Chronic tonsillitis is mostly caused by bacterial infection and lead to complications if not treated. Tonsillitis, more often than not, is marked by throat irritation, sore throat and fever. Tonsillitis is primarily an inflammation of the tonsils, either of two masses of lymphatic tissue one on each side of the pharynx. Tonsillitis causes include viral or bacterial infection. Regardless of the cause, tonsillitis is contagious and transmitted from one person to another by sneezing and coughing.
However, most cases of tonsillitis are due to a viral infection and do not require antibiotic treatment. Bacterial tonsillitis is caused by streptococcal bacteria that lead to a strep throat. While 30% of cases of tonsillitis in children are due to a strep throat, in adults, it results in tonsillitis only in 10% of the cases. Tonsillitis causes swelling, irritation in the throat and other symptoms but it is not clearly established whether these are due to the infective agents or a weak immune system of the infected individual.
Throat irritation is among the most common among tonsillitis symptoms.
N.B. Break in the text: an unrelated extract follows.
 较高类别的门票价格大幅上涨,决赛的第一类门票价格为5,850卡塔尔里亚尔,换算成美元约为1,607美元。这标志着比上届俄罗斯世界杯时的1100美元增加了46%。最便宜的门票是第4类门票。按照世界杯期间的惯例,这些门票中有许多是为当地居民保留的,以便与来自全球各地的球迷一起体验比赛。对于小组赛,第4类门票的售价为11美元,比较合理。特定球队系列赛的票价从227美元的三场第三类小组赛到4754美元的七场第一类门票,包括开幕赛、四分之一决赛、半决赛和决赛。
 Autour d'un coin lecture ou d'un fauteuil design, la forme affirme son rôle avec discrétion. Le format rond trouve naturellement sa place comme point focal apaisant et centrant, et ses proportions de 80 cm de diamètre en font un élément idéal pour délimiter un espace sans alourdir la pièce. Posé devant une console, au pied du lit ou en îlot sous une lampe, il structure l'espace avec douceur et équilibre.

Other tonsillitis symptoms are also almost the same as laryngitis and sore throat. These include difficult in swallowing, fever, headache, nausea and vomiting, abdominal pain, cough and hoarseness. Presence of volatile sulfur compounds due to bacteria feeding on mucus in the pits formed in the tonsils results in bad breath. Clinical examination reveals white pus spots on tonsils, redness of throat and tonsils and tenderness of lymph nodes of the neck.
Initial tonsillitis treatment is focused on pain management and temporary measures such as throat lozenges for relief from irritation in the throat. Over-the counter NSAIDs such as ibuprofen and paracetamol are used for pain relief. Antibiotics are prescribed only in the case of bacterial infection because they are ineffective against viruses. If the patient is not allergic to penicillin, it is the preferred antibiotic therapy. Erythromycin and clarithromycin are prescribed for individuals allergic to penicillin.
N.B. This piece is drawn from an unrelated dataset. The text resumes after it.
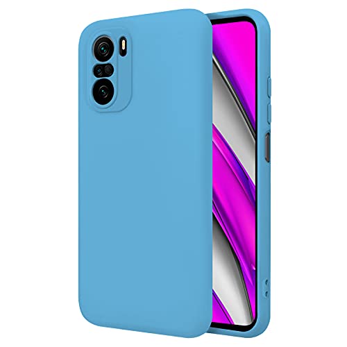 TBOC Cover per Xiaomi Poco F3 [6.67"] Custodia Rigida [Azzurro] Silicone Liquido Premium [Sensazione Morbida] Fodera Interna Microfibra [Protegge Fotocamera] Antiscivole Resistente Sporco Graffi

In addition to medical treatment patients are also advised home care such as gargling with warm water mixed with salt and drinking plenty of fluids for management of fever and preventing dehydration, especially in kids. It is also important to complete the course of antibiotics prescribed by your doctor even if you see significant improvement in symptoms. If symptoms persist despite treatment, consult your doctor.
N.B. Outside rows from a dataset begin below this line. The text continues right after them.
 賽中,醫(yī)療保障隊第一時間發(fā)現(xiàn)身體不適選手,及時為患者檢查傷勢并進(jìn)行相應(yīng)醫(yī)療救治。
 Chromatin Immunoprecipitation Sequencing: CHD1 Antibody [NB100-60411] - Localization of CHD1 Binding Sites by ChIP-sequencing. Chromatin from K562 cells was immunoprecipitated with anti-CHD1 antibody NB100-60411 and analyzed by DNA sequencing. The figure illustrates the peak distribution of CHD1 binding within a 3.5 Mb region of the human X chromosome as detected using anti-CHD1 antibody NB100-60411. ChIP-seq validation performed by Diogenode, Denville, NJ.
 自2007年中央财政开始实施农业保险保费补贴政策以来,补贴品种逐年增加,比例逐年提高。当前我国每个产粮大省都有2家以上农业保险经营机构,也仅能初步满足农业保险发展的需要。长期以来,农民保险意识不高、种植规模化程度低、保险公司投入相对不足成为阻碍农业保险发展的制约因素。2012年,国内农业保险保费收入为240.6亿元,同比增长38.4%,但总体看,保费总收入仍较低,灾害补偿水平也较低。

Timely tonsillitis treatment is of extreme importance because left untreated it may lead to complications that require surgical treatment. During an infection an abscess may develop by the side of the tonsil, typically in the early stages of infection. In rare cases the infection may also spread to the nearby internal jugular vein resulting in septicemia infection. Chronic tonsillitis may also result in swelling of tonsil to such an extent that swallowing is impaired, which requires tonsillectomy or surgical removal of tonsils.